圧接と融接は、いずれも金属を接合する方法ですが、プロセスにおける大きな違いがあります。最大の違いは「母材を溶かすかどうか」です。
融接では、母材そのもの、あるいは接合補助材(溶加材/棒)を高温で溶かして、接合部を一体化させます。アーク溶接やガス溶接、レーザー溶接などがその代表例です。一方、圧接では、材料を溶かすことなく、加圧や熱処理、あるいは摩擦や爆発などのエネルギーを用いて金属を密着させて接合します。
もう一つの違いは、熱による影響の大きさです。溶接では高温で母材の一部を溶かすため、熱による変形や局所的な強度低下のリスクがあります。一方、圧接ではそれが比較的少なく、接合部の物性を維持しやすいのが利点です。
圧接の種類
ここでは代表的な圧接の方法として、以下の5種類の方法について解説します。
ガス圧接
ガス圧接は、酸素とアセチレンなどの可燃性ガスを用いて接合部を赤熱状態に加熱し、その後すばやく圧力をかけて接合する方法です。鉄筋やパイプの接合で広く用いられています。
ガス圧接は、数ある圧接のなかでも比較的単純な装置で行えるため、工事現場や土木建築分野で多用されている方法の1つです。加熱後すぐに圧力をかけることで、材料同士の表面が塑性変形し、酸化被膜などが押し出され、金属の結晶構造が連続して接合されます。

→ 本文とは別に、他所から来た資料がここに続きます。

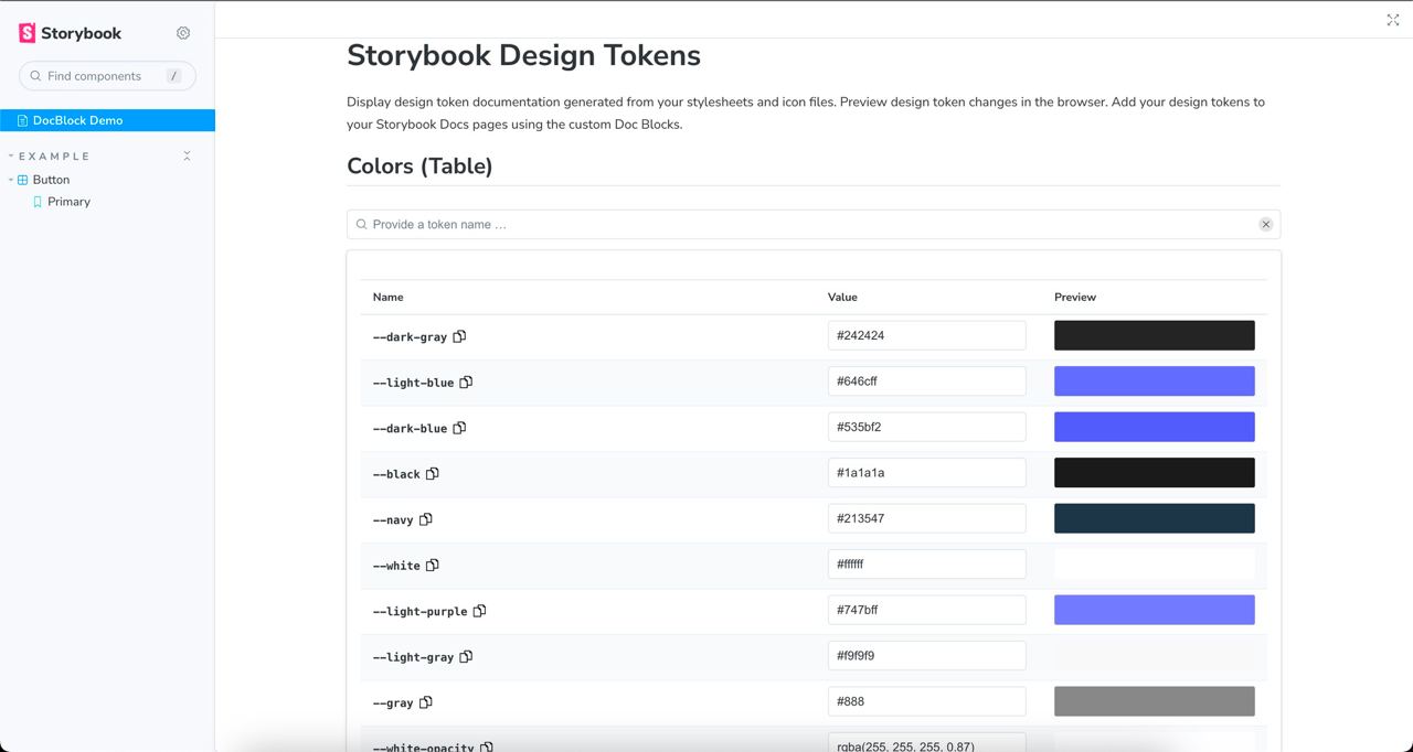 Демка состоит из 2 частей: 1️⃣ Автозамена цветов, шрифтов на соотвутствующие переменные с помощью stylelint-declaration-strict-value 2️⃣ Отображение всех этих переменных в storybook с помощью storybook-design-token

ガス圧接は、鉄筋を接合する場面でも使われており「ガス圧接継手」と呼ばれています。強度的にも溶接に引けを取らない接合が可能ですが、作業者の技量で品質が大きく左右されるため、JIS Z 3881に基づく技量資格認定を受けた技量者のみが施工できます。
摩擦圧接
摩擦圧接は、片方または両方の母材を高速回転させ、その回転運動による摩擦熱と圧力で接合面を軟化させたうえで加圧し、接合する方法です。接合中は溶融を伴わず、金属が塑性状態で接合されます。

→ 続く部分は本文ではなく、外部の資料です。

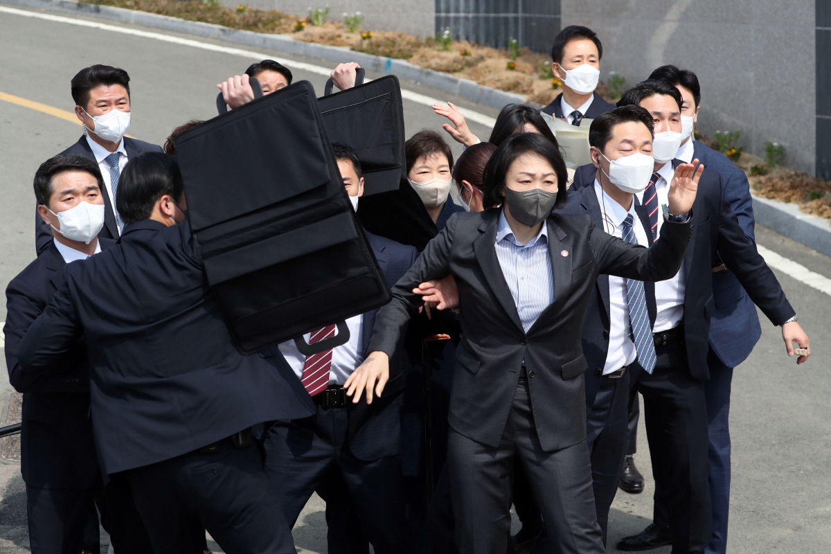 경호원들이 순식간에 박 전 대통령을 에워쌌으며, 소주병을 던진 40대 남성 A씨는 현장에서 경찰에 체포됐다.

摩擦圧接では回転による熱の発生が主なエネルギー源となるため、電力のみで加熱が可能です。
施工時間が短く作業能率が高いこと、圧接機や圧接条件、材料等の管理を十分に行えば再現性が良好であることに加え、摩擦圧接は異種金属同士の接合にも比較的適しています。
自動車や航空機、建機部品などの量産分野や、異材間の機械的な接続が求められる分野でも重宝されている方法の1つです。

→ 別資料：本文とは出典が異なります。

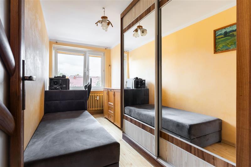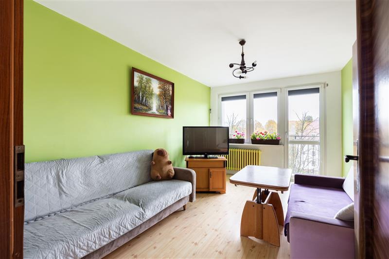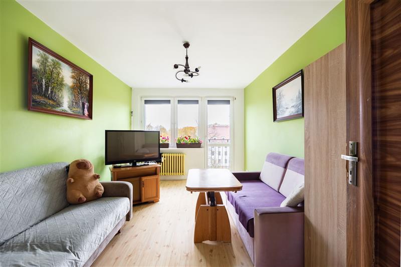 Wnętrze jest ciepłe, dobrze doświetlone i bardzo przytulne. Układ pomieszczeń sprawia, że mieszkanie idealnie sprawdzi się zarówno dla rodziny, jak i dla pary szukającej wygodnej przestrzeni z dodatkowym pokojem do pracy.

一方、摩擦圧接の制約として、接合する材料(少なくとも片側)は、丸棒、パイプなどの円形断面とする必要があること、薄肉のパイプは接合困難であることなどが挙げられます。
抵抗圧接
抵抗圧接は、母材に電流を流すことで発生する電気抵抗熱を利用して接合面を加熱し、その後加圧して接合する方法です。スポット溶接やシーム溶接などがこの方式に含まれます。自動車ボディの製造や家電製品の筐体など、板金部品の接合に広く使用されている方法です。
抵抗圧接は、金属の接触部分に局所的な熱が集中するため、熱の影響を最小限に抑えることができます。また、装置の自動化がしやすく、高速で連続的な溶接が可能なため、量産に向いた工法です。
拡散接合
拡散接合は、高温かつ真空環境下で母材を接触させ、原子の拡散を利用して接合する高度な圧接技術です。高精度かつ高強度な接合が可能で、半導体部品・センサー・医療機器などの精密分野で利用されています。
拡散接合は、異種金属や複雑形状の接合も可能な接合技術ですが、接合面の状態や接合温度、圧力などが接合強度に大きく影響します。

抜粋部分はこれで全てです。